EXERCISE: The required output is an exact restatement of the lines, starting with the one that contains "公司创始人、首席执行官兼董事Jinnan (Marco) Lai持有公司22.4%的股权;" and finishing with the last line of the listing. It contains no pictures.

INFORMATION SUPPLIED:
_ _ _ _ _

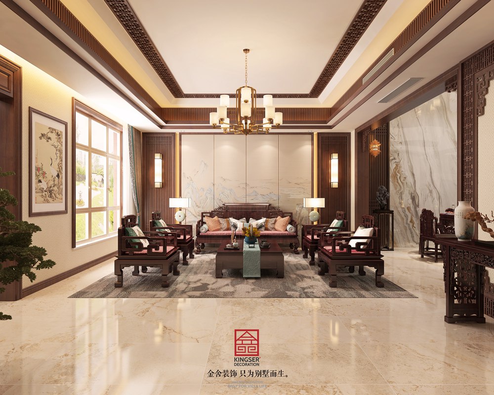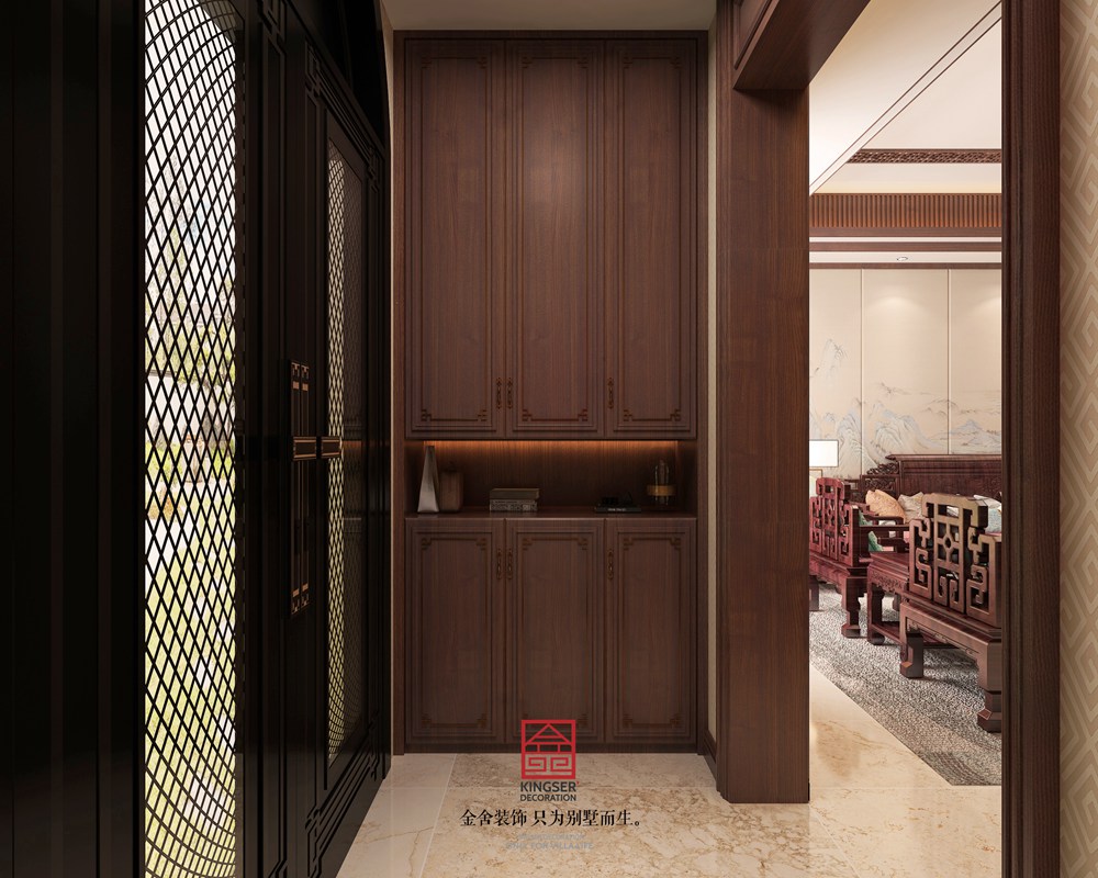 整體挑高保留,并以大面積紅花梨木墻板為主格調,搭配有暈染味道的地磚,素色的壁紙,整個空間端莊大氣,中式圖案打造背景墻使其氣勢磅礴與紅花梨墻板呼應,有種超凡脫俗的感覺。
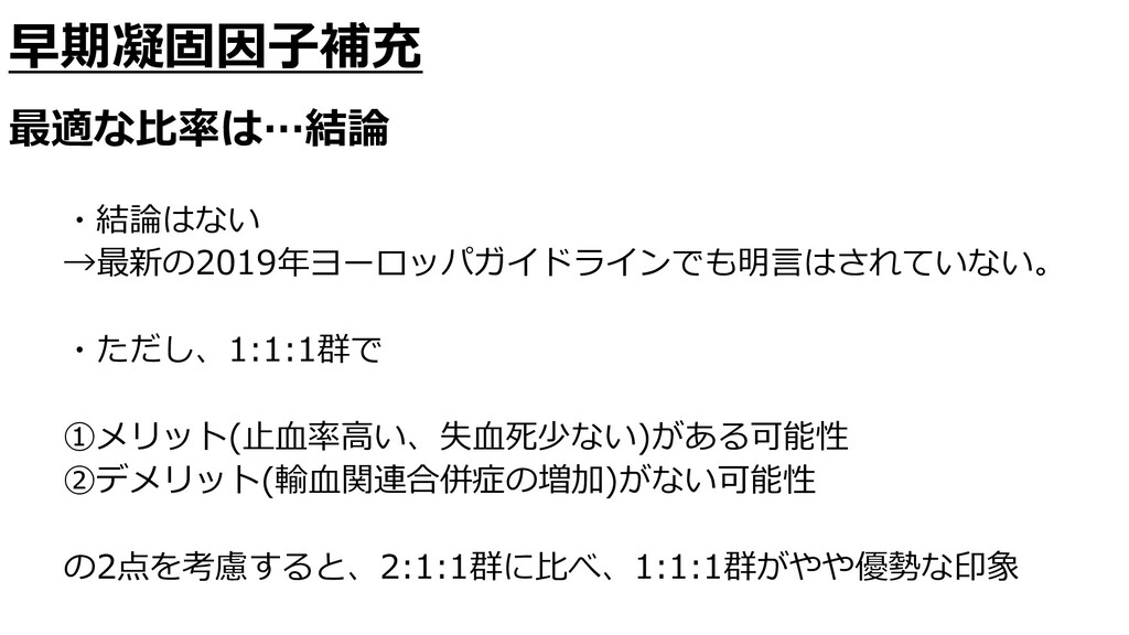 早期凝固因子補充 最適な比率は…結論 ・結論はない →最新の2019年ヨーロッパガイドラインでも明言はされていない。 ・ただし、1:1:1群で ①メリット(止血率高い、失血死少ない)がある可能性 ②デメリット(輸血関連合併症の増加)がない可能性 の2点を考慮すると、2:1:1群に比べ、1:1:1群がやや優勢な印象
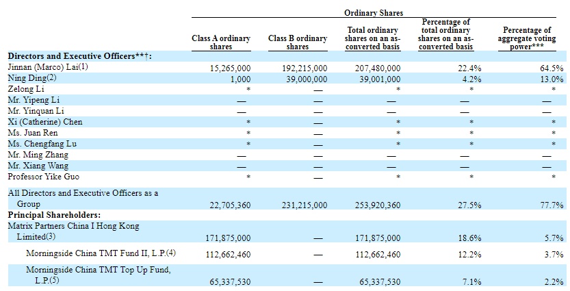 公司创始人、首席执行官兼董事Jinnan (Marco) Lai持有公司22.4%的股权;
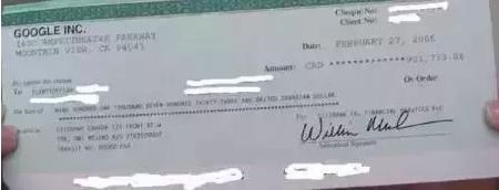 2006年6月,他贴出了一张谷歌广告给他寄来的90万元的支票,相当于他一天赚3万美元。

_ _ _ _ _

EXERCISE OUTPUT:
 公司创始人、首席执行官兼董事Jinnan (Marco) Lai持有公司22.4%的股权;
 2006年6月,他贴出了一张谷歌广告给他寄来的90万元的支票,相当于他一天赚3万美元。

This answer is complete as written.